Sun Advocate associate editor

State cuts tax valuations of some major corporations, other payers take on burden

People who have noticed an increase in their home property tax bills may have wondered how this could have happened without hearing any word of a tax increase from schools or local governments.

The answer is simple on the surface, but far more complex the deeper one looks.

Basically, taxpayers whose property is assessed locally have been making up for a significant drop in the taxable values of those who are assessed by the state.

Significant means a $475 million drop in the State Tax Commission's taxable valuation of the county's top ten taxpayers since 2008.

According to figures provided by the County Treasurer, the top ten were valued at $1.36 billion in 2008, and $888 million in 2011. The tax amount was $12 million in 2008 versus $10.17 million in 2011.

There are a few different companies on the 2008 and 2011 lists, but all are involved in the utility, rail transportation and energy production sectors.

Without singling out any particular company, the drop in overall county taxable value went from roughly $2.3 billion in 2008 to $1.9 billion in 2011.

Nevertheless, the county's property taxing entities have gotten by. Total charged taxes in 2008 were about $21.4 million and $21.8 million last year, an increase of slightly less than 2 percent.

That's possible because, as County Commission Mike Milovich explained it, "The loss (in state assessed value) has been passed on to you and me.

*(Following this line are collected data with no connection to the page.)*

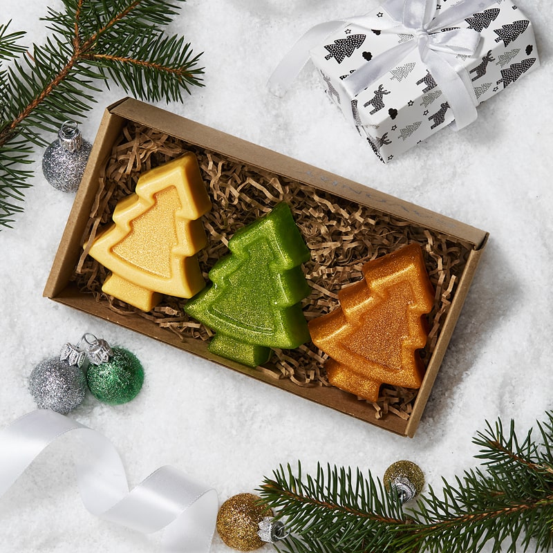 Мыло ёлочки дарят коже ощущение чистоты и нежности, и создают неповторимую праздничную атмосферу, а стильная новогодняя коробка делает набор универсальным готовым подарком для близких и любимых. Подарите мгновения зимнего уюта!
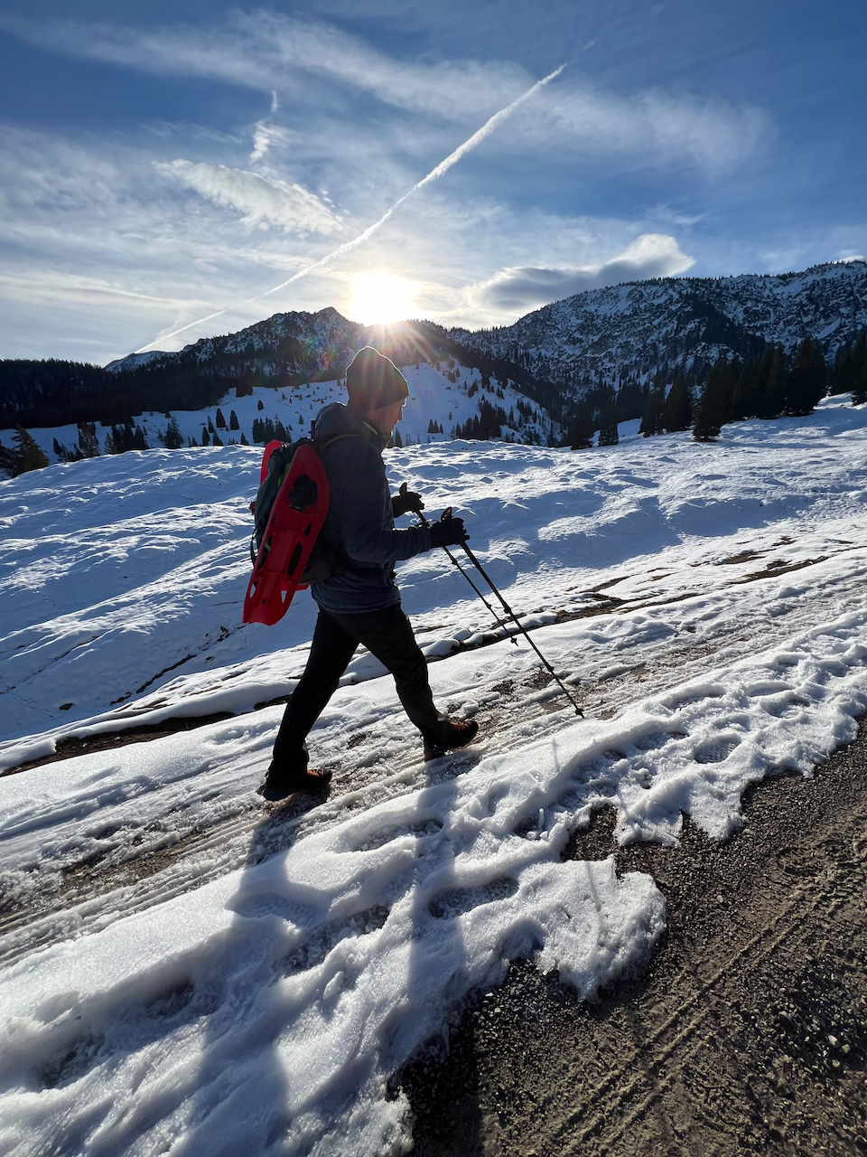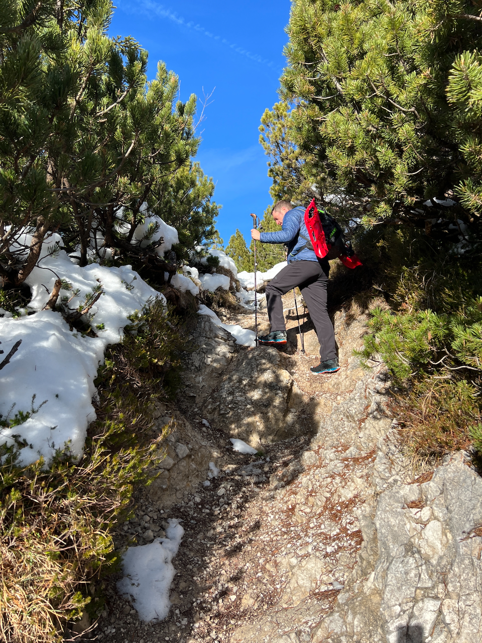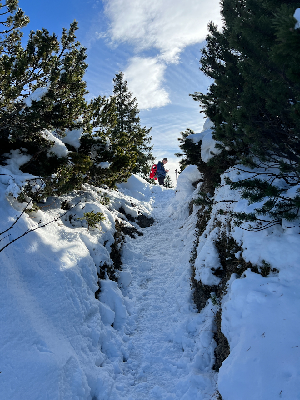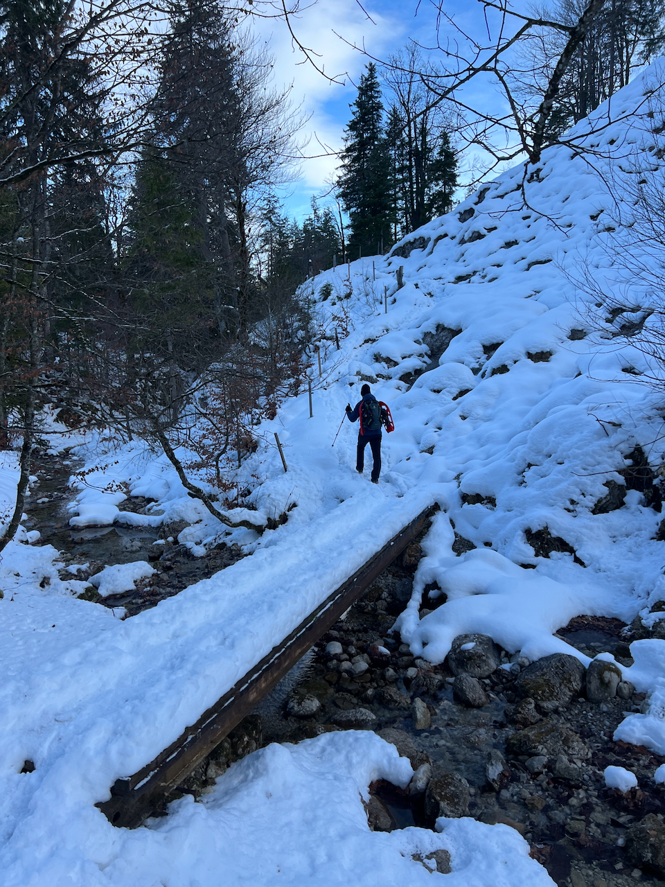 Auch unsere Schneeschuhe bleiben heute reine Dekoration am Rucksack. Wir haben sie zwar brav mitgenommen – gebraucht werden sie aber kein einziges Mal. Die Spur ist durchgehend gut ausgetreten, der letzte Schneefall liegt schon ein paar Tage zurück.
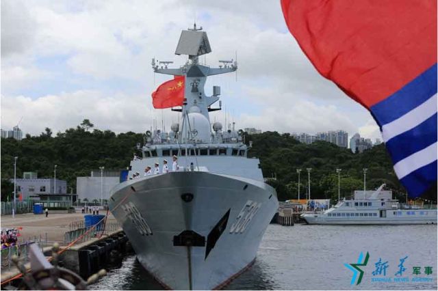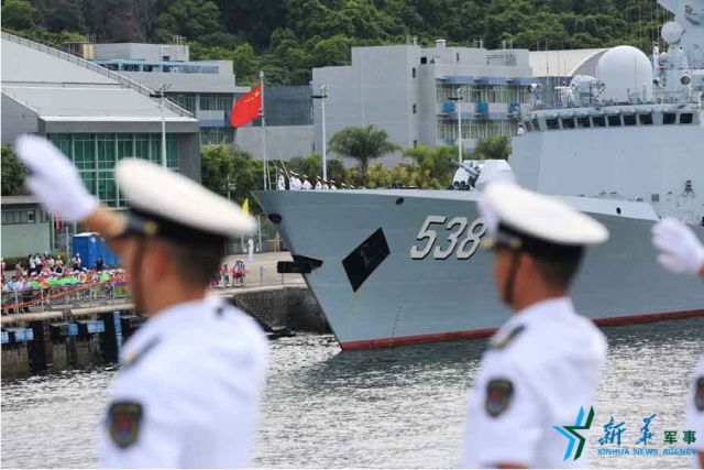 ↑7月7日,海軍濟南艦緩緩駛?cè)胂愀郯捍薮a頭。新華社記者 曾濤 攝
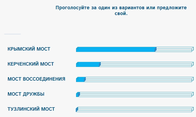 Всего предлагается пять вариантов названия: Крымский мост, Керченский мост, мост Воссоединения, мост Дружбы и Тузлинский мост. Пока лидером голосования является первый вариант.
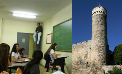 사진을 접한 누리꾼들은 "이게 사람이야, 감시탑이야", "컨닝은 절대 못하겠네", "어떻게 올라갔지" 등의 반응을 보였다.(사진-온라인커뮤니티)
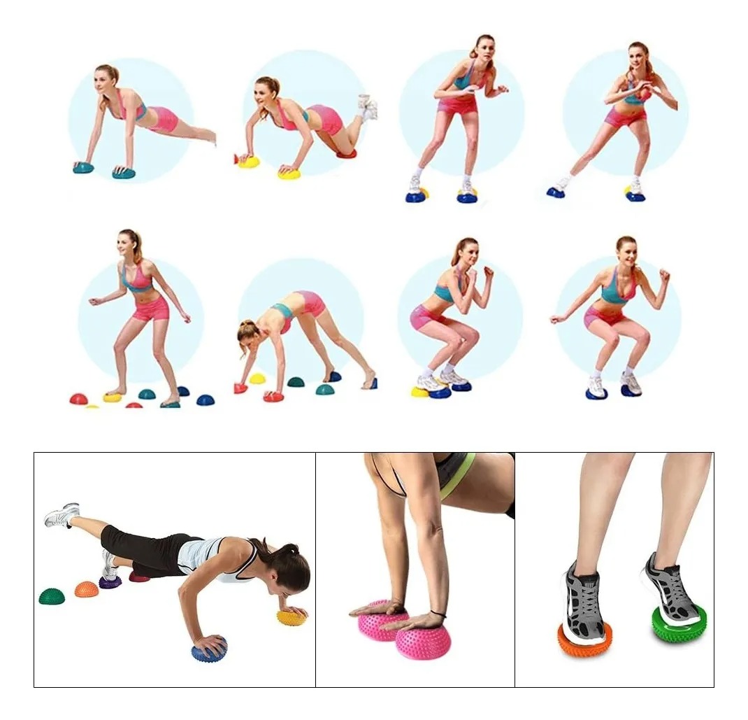 mini bosu 16cm, media esfera inestable, mini bosu equilibrio, bosu con pinches, bosu propiocepción, mini bosu yoga fitness, mini bosu rehabilitación, media esfera tobillos rodillas
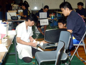 高校生の試合で一番多いけがは鼻血。脱きゅうも珍しくなく、初日だけで3件あったという。ねん挫も多いようだが、「ねん挫くらいでは、診断を受けに来ないことが多いですね」と言う。また室内スポーツでエアコンは効いているとはいえ、減量があるので熱射病の危険も高い。開会式でも1人が倒れた。「十分に注意してほしいですね」と警鐘を発する(左写真=けがした選手を手当てする川原さん)。
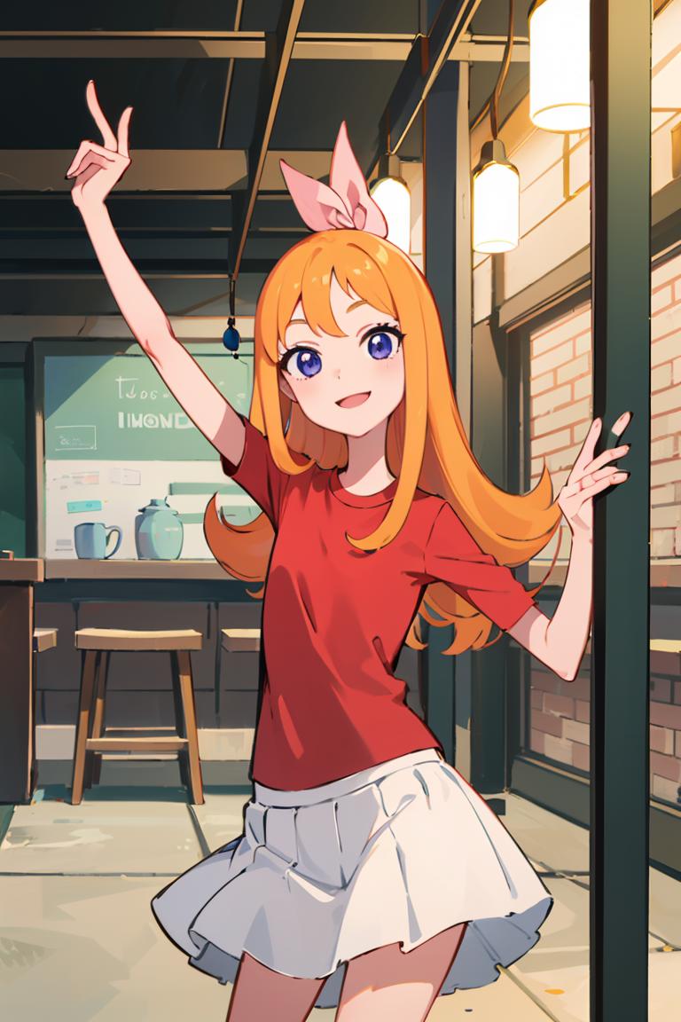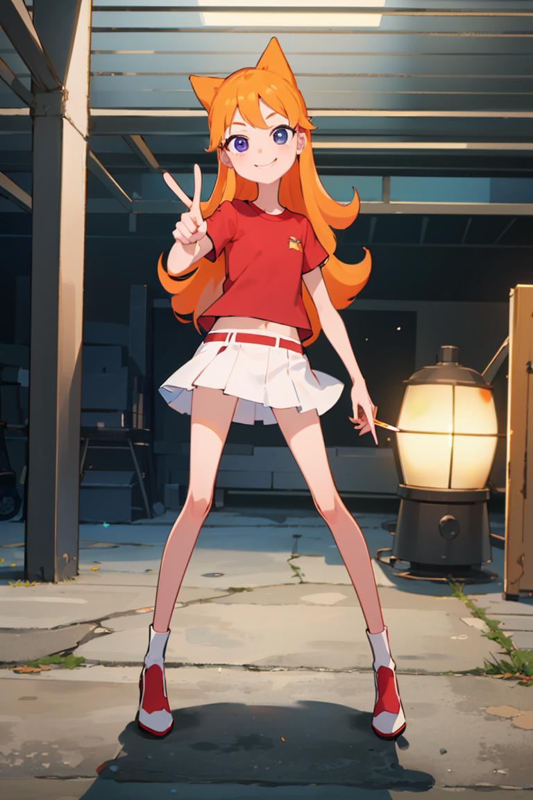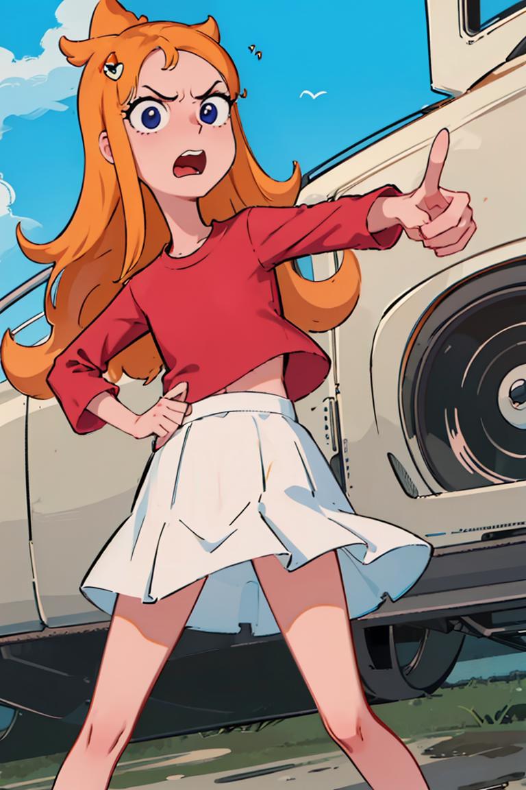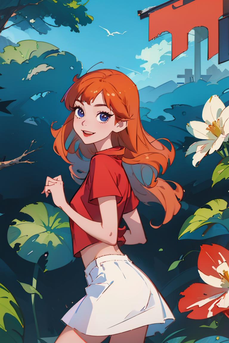 candace_flynn <lora:CandaceFlynn_v1:1>I recommend playing around with different checkpoints because her hair will most likely be interpreted differently depending on the checkpoint used, some ignore the shape, some create a ponytail or ahoge from her hairstyle, you can try adding these hairstyles to the negative prompt for less weird results.

There's a shifting in the tax burden."

County Clerk/Auditor Robert Pero said that the county is allowed to collect an amount each year equal to the previous year plus any additional revenue that can be attributed to growth in the tax base.

By staying within its certified tax rate, the county can adjust, which it has done.

Commissioner John Jones, who has been named chair of the Utah Association of Counties new Centrally Assessed Property Committee, said that the ability to adjust for changing valuations gives local governments a measure of stability. That's especially important to bond holders and potential buyers, he added.

Both commissioners and the the clerk/auditor all used the word "complicated" to describe the state's method of setting values.

The Sun Advocate verified that by visiting the state website outlining the methodology: it includes such things as corporate capital structure, risk premiums inferred from market prices of stocks and bonds and other measures beyond the time and space of this newspaper can commit.

Basically, however, the underlying theme is that the value of industrial property is not the same as the value of a home simply because that sort of property is used to make money, not to live in.

If real or projected revenue goes up or down for any reason, the value of the asset follows. Assets also depreciate and deplete over time.

Jones said he is still getting up to speed on the issues of centrally assessed properties and will have more to say as he does more research.

Milovich, meanwhile, stated that from the perspective of local governments, the state's handling of the central assessments has been "less than favorable."